Just now getting on the Carter band wagon. I have the Stabilizer and my Magfence is just around the corner. Might as well add the wheel brush. Thanks for the review.


----------



## TheDane

This was one of the first accessories I added to my Jet 14" when I bought it last Spring. I was amazed at how much sawdust the lower tire accumulated without it, and how clean it stays since I added the brush.

I have purchased a number of items from Carter Products, and can't say enough good about their products and their customer service. When I ordered my brush and Quick Release, their website was down so I called their toll-free order line. The woman I spoke with made dealing with Carter Products a very pleasant experience!

-Gerry


----------



## dfdye

I do love the toothbrush idea! I have seen it a few places now, but I think I am going to use a nylon bristled plastic brush like this since I have a few lying around the shop already.

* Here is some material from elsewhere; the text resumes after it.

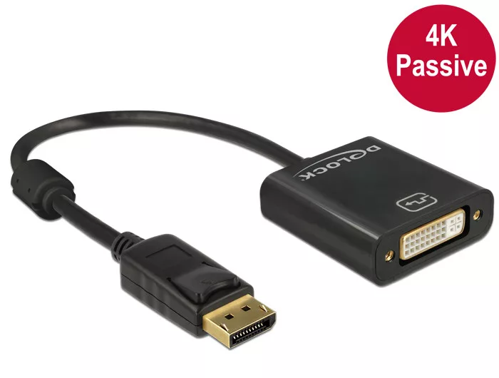 Ez az adapter lehetővé teszi, hogy például egy DVI-monitort csatlakoztasson egy szabad Displayport-csatolón keresztül. Ez az adapter legfeljebb Ultra HD (4K) felbontást támogat és visszamenőlegesen kompatibilis a Full-HD 1080p szabvánnyal.

It is nice to know that there is a "designed" item for this if the cheap-o ideas don't hold up well! Thanks for the review.


----------



## Brad_Nailor

I was considering all the "toothbrush" ideas but when I saw how cheap this was…and it took all of about 2 minutes to install, I put it on the Xmass list….didn't feel like jimmy rigging anything…no offense to Jimmy


----------



## stevenhsieh

Dumb question

Have you had any problem it melting the brush?


----------



## twokidsnosleep

Installed mine this morning. 
Not smart to do this at -5 degrees Celsius as my bs blade was not so flexible.
I wound up using two spring clamps on the top wheel to hold the bugger down while I stretched the blade onto the lower wheel.
The brush works great btw


----------



## ghudspeth

Another mounting solution: after upgrading my Delta 14" with the riser block, the new inside blade guard is aluminum as opposed to the original black plastic. I didn't want to bother drilling a hole in the new blade guard, so I just used a bit of hot-melt glue to install it. Works great.


----------